Arizona assumes independent candidate petitions are valid, if they have more than the legal minimum number of signatures and have no obvious other flaw. June 18 was the last day for anyone to file challenges to any Arizona independent petition. Ralph Nader was the only independent presidential candidate who filed this year. No one challenged his petition.
By contrast, in 2004, his petition was challenged, and was found to lack enough valid signatures. Arizona is the second state in which Nader has qualified for the ballot this year and in which he did not succeed in getting on in 2004; the other one is Hawaii.
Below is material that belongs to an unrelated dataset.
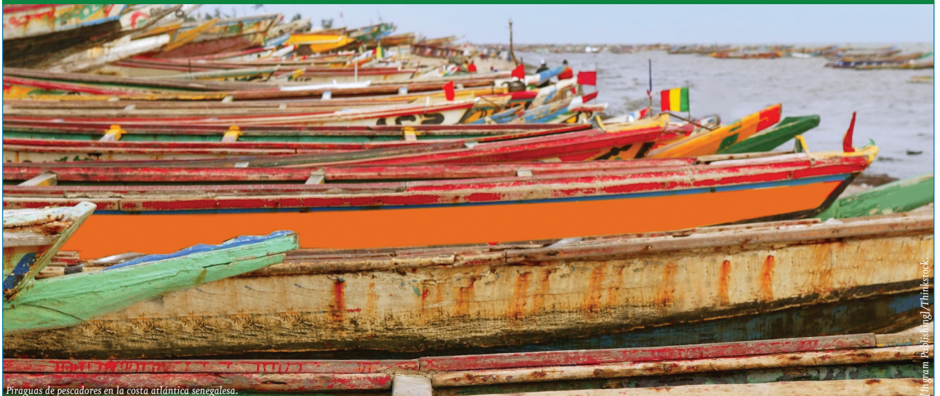
Piraguas de pescadores en la costa atlántica senegalesa.

The current Arizona independent candidate law was written in 1993. Nader is the first independent presidential candidate to successfully use the law. It required 21,759 valid signatures this year.
Go Nader. I’m happy for Nader even though I’m not voting for him. What the Democrats did to him in 2004 was so unethical so illegal.
Any word on high schooler French’s proposition efforts in Arizona?
James Carville and the other “professional Democrats” have a new friend in the news media which has cast a blanket of censorship on Nader and his issues. You can be sure they are organizing another effort to keep Nader and the anti-war, pro-single payor health reform votes off of state ballots (Google: “Ralph Nader Steve Conn” for 2004 analyses of the Ballot Project and its funders).